Myanmar is an earthquake-prone country due to its geographical location lying on major fault lines. If we do not ready ourselves to handle an earthquake, it may cause damage and casualties.
We witnessed devastating earthquakes in the recent past, which led to loss of life, assets, livelihoods and heritage buildings.
The Myanmar Earthquake committee made studies of the interior of the Kabaw fault in concert with international experts last year.
The Chauk Earthquake in August 2016 did not ruin buildings apart from the many religious pagodas and stupas, which are buildings of great importance. There used to be strong earthquakes in Myanmar about once in a century. A Bago earthquake is expected to hit between 80-100 years, according to experts.
To monitor earthquakes and alleviate earthquake-related danger, the Kabar-Aye Earthquake Observatory Center was set up in 1961, the Mandalay centre in 1966, the Sittwe center in 1984 and the Dawei center in 1985.
After a big earthquake, there can be dangerous tremors, risk of fire and damages to dams, the possibility of volcano eruptions, landslides and tsunamis. It is crucial to undertake quick and effective activities for relief and support during the disaster.
In Myanmar, drills are being conducted to make ourselves effective (in a disaster), and simulation exercise is important for ensuring an immediate emergency response, which includes creating a precise and strong system.
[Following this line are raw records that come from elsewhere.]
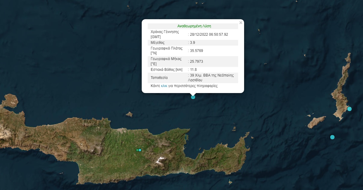 Σεισμός 3,9 Ρίχτερ σημειώθηκε ανοιχτά της Κρήτης το πρωί της Τετάρτης (28/12). 36 χλμ. βόρειο-ανατολικά της Νεάπολης Λασιθίου το επίκεντρό του.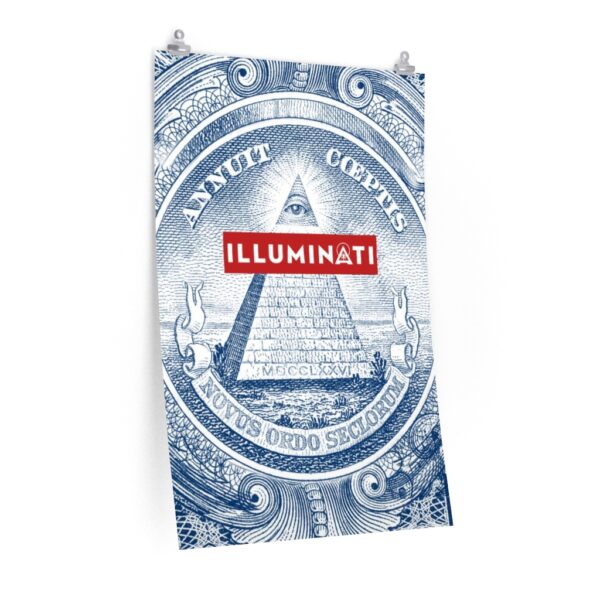Novus Ordo Seclorum is a Latin phrase meaning “New Order of the Ages” and signifies the beginning of a new era. It appears below the All-Seeing Eye and the Pyramid – with the Illuminati’s Insignia – on this large poster banner.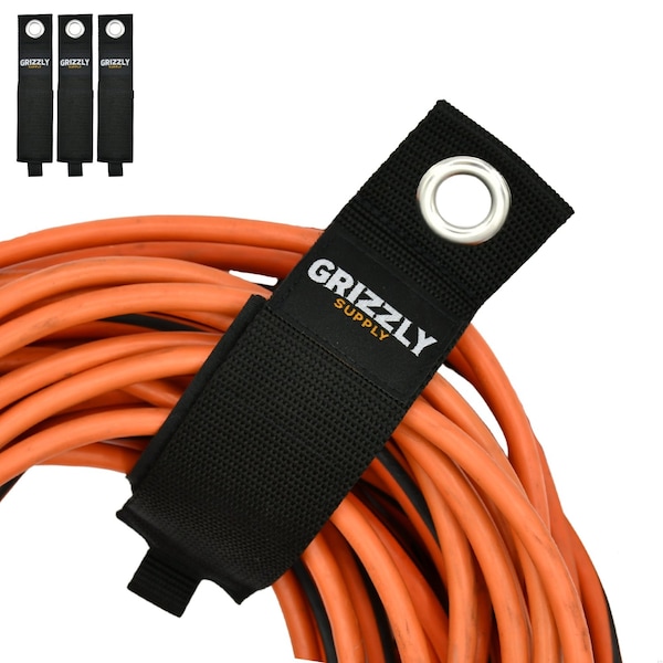The 17" Black Hook & Loop Storage Strap provides a robust organizing solution with added utility. These storage straps are equipped with a metal grommet, allowing users to not only bundle items but also hang them for vertical storage and easy access. This Grizzly Supply product is 17 in long and 2 in wide. It features a tensile strength of 264.6 lbs (120kgs). Made from Polypropylene webbing and Nylon Velcro with a metal grommet, it is built for the heaviest tasks. The color is Black. It is designed for both indoor and outdoor use. This product is sold in a pack of 2.

The move is aimed at developing a culture of safety and preparedness to help prevent natural hazards from turning into disasters.
Meanwhile, we should step up efforts for disseminating knowledge on earthquake hazards among the people.
Media play a vital role in executing this plan, such as through television series, stories and episodes.
All these processes are related to protecting human life and property, and if the country suffered a disaster, effective connections and organisation would play a vital role.
We would like to urge governmental agencies concerned, experts and people to be aware of the situation and to make arrangements for an immediate response to disasters within seven days to save lives.
It means, we must step up our efforts and plan well and invest public resources wisely with reducing disaster risk as a goal and promote a culture of safety.
Disasters as an enemy are becoming more enigmatic and formidable.
The situation calls for a multi-hazard approach for early warning system anchored on close coordination among hazard warning agencies.
Disaster risk reduction and preparedness should be a way of life.